Question

If the value of log2 = 0.3010 and log3= 0.4771, then the value of log3.6 is 0.55a2. Where a is the third digit in the expansion. Then the value of a is
[a] 2
[b] 3
[c] 7
[d] 1

Answer 1

Hint: Express 3.6 as a product of powers of 2,3 and 10 only. Use the property log (mn) = log (m) + log (n).
Now use $\log {{a}^{n}}=n\log a$and log 2 = 0.3010, log 3 = 0.4771 and log 10 = 1. Finally, compare the obtained decimal representation with 0.55a2 and find the digit at a place corresponding to “a” in 0.55a2. Hence find the value of a.

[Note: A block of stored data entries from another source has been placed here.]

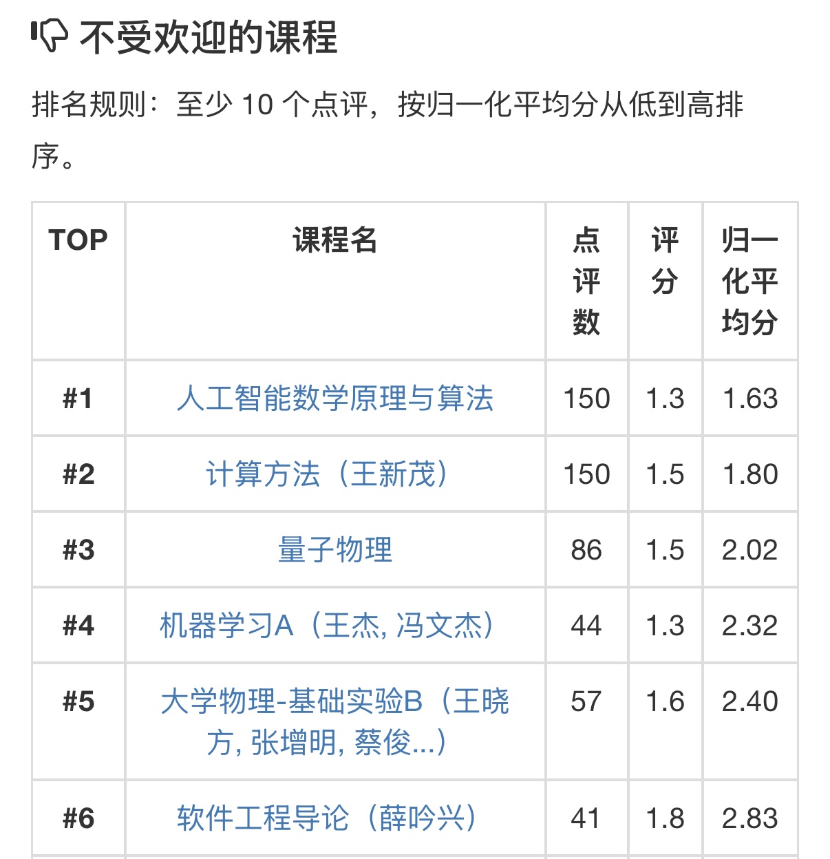 恭喜本门课程在最不受欢迎课程榜上击败了强Baseline二级大物,杀入前四
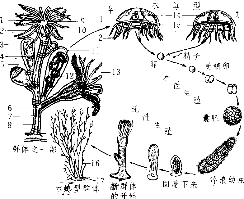 薮枝虫生活史 1.口 2. 触手 3 . 水母芽 4. 子茎 5. 生殖鞘 6. 消化循环腔 7. 共肉 8. 围鞘 9. 垂唇 10. 水螅鞘 11. 生殖体 12. 芽体 13.水螅体 14. 生殖腺 15. 缘膜 16. 螅茎 17. 螅根 |
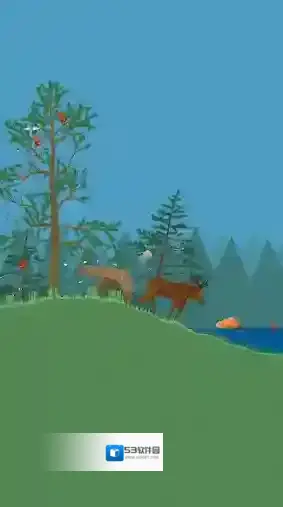 点击动物会触发不同的行为,影响森林的生态系统:驼鹿排便,为土壤施肥。田鼠啃食树根,破坏树木。狐狸会捕猎其他动物。
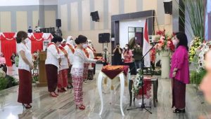TERASNKRI.COM | MINSEL, SULUT -Bunda Paud Sulawesi Utara Ny. Ir. Rita Maya Dondokambey-Tumuntuan, Melantik Ny.Elsje Rosje Wongkar-Sumual Sebagai Bunda Paud Minahasa Selatan, bersama para Bunda Paud Kabupaten dan Kota se Provinsi Sulawesi Utara. Kegiatan tersebut bertempat di Aula Mapalus Kantor Gubernur Sulawesi Utara (Jumat 21 Mei 2021).
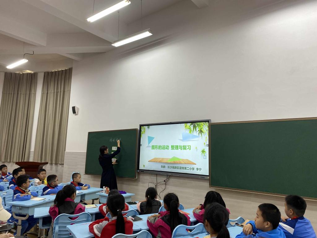 李宁老师讲授的内容是六年级《图形的运动》复习课。首先以同学们生活中的老朋友引出数学中的“老朋友”——线段、正方形和三角形,激发员工的学习兴趣,并带领员工温习了平移、轴对称、旋转这三种图形变换方式;接着展示正方形、圆形、等腰三角形、等边三角形和平行四边形,同学们通过对手中教具的琢磨和小组讨论,自主思考是由哪种数学图形经何种变换而来,极大地发展了员工的空间观念和想象力;然后,李老师出示两个练习题,引导员工用运动的视角观察问题,看上去困难的问题其实很简单;最后,李老师运用ggb文件带领同学们玩“飞镖”小游戏,复习巩固所学知识。一堂妙趣横生的数学课在员工的依依不舍中结束。
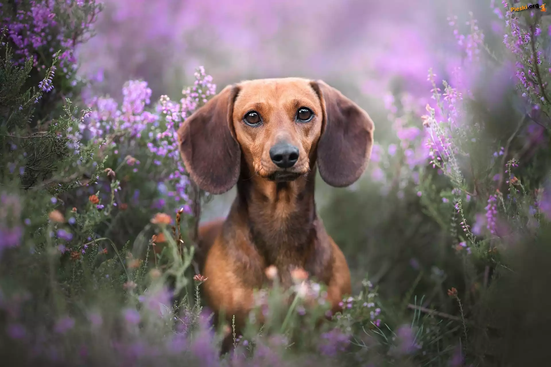 Jamnik, Brązowy, Pies, Wrzosy, Pieski

Complete step-by-step answer:

We know that \[3.6\text{ }={{2}^{2}}\times {{3}^{2}}\times {{10}^{-1}}\]
Hence,$\log 3.6=\log \left( {{2}^{2}}\times {{3}^{2}}\times {{10}^{-1}} \right)$
Using log (mn) = log (m) +log (n), we get
$\log 3.6=\log \left( {{2}^{2}} \right)+\log \left( {{3}^{2}} \right)+\log \left( {{10}^{-1}} \right)$
Using $\log {{a}^{n}}=n\log a$, we get
$\log 3.6=2\log \left( 2 \right)+2\log \left( 3 \right)-\log \left( 10 \right)$
Using log 2 = 0.3010 , log3 = 0.4771 and log 10 = 1, we get
log(3.6)= 2(0.3010)+2(0.4771)-1
simplifying using BODMAS
=0.6020+0.9552-1
=1.5572-1
=0.5572
Comparing with 0.55a2, we get
a = 7.
Hence a = 7.
Hence option [c] is correct.
Note: The property log mn = log m + log n of logarithms is used to perform large number multiplications.
Suppose , if we want to find the value of mn.
We first find the value of log mn by using log mn = log m + log n
Then we take antilogarithm to get the value of mn.